## Description of the task
Extract the lines beginning at the one that holds "最近,有家长留言咨询外地学籍初高中学生转学至哈尔滨市读书都需要什么流程?" and ending at the final line of the material below, keeping them exact and leaving out all pictures.

## Material provided

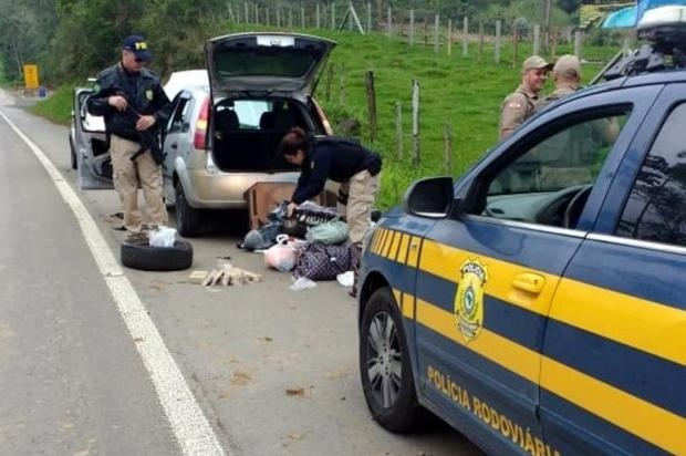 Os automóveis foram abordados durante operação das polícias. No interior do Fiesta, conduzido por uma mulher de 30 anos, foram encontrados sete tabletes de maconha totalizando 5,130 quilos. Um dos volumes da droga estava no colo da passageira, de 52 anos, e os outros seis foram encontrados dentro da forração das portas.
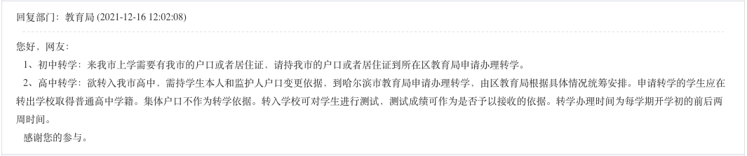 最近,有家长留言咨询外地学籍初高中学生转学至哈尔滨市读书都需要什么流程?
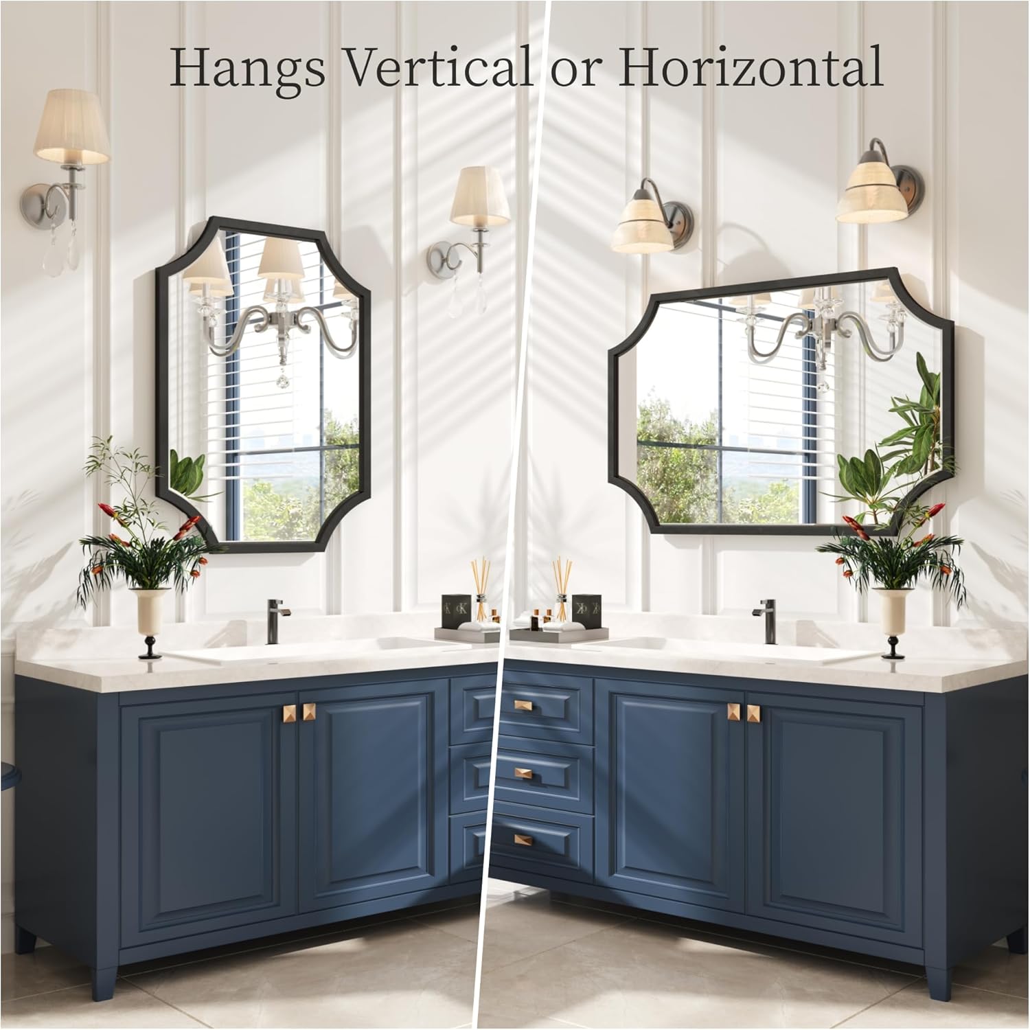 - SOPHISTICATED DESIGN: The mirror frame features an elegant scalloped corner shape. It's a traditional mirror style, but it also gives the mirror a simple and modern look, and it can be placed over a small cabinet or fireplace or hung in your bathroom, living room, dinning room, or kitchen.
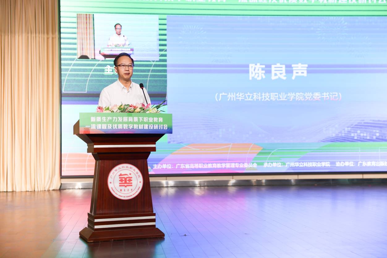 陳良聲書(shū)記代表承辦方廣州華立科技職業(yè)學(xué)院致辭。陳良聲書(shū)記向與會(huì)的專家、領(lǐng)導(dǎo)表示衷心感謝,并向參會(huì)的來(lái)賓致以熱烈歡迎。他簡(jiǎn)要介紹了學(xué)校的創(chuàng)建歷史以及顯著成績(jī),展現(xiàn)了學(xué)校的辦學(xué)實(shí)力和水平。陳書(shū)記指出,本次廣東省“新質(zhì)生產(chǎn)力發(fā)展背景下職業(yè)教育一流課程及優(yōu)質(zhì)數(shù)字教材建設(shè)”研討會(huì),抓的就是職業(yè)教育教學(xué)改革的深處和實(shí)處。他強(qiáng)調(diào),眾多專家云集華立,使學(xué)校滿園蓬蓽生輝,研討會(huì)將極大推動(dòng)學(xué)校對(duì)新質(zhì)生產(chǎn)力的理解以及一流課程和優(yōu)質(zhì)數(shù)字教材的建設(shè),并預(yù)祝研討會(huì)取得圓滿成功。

## Your solution
 最近,有家长留言咨询外地学籍初高中学生转学至哈尔滨市读书都需要什么流程?
 - SOPHISTICATED DESIGN: The mirror frame features an elegant scalloped corner shape. It's a traditional mirror style, but it also gives the mirror a simple and modern look, and it can be placed over a small cabinet or fireplace or hung in your bathroom, living room, dinning room, or kitchen.
 陳良聲書(shū)記代表承辦方廣州華立科技職業(yè)學(xué)院致辭。陳良聲書(shū)記向與會(huì)的專家、領(lǐng)導(dǎo)表示衷心感謝,并向參會(huì)的來(lái)賓致以熱烈歡迎。他簡(jiǎn)要介紹了學(xué)校的創(chuàng)建歷史以及顯著成績(jī),展現(xiàn)了學(xué)校的辦學(xué)實(shí)力和水平。陳書(shū)記指出,本次廣東省“新質(zhì)生產(chǎn)力發(fā)展背景下職業(yè)教育一流課程及優(yōu)質(zhì)數(shù)字教材建設(shè)”研討會(huì),抓的就是職業(yè)教育教學(xué)改革的深處和實(shí)處。他強(qiáng)調(diào),眾多專家云集華立,使學(xué)校滿園蓬蓽生輝,研討會(huì)將極大推動(dòng)學(xué)校對(duì)新質(zhì)生產(chǎn)力的理解以及一流課程和優(yōu)質(zhì)數(shù)字教材的建設(shè),并預(yù)祝研討會(huì)取得圓滿成功。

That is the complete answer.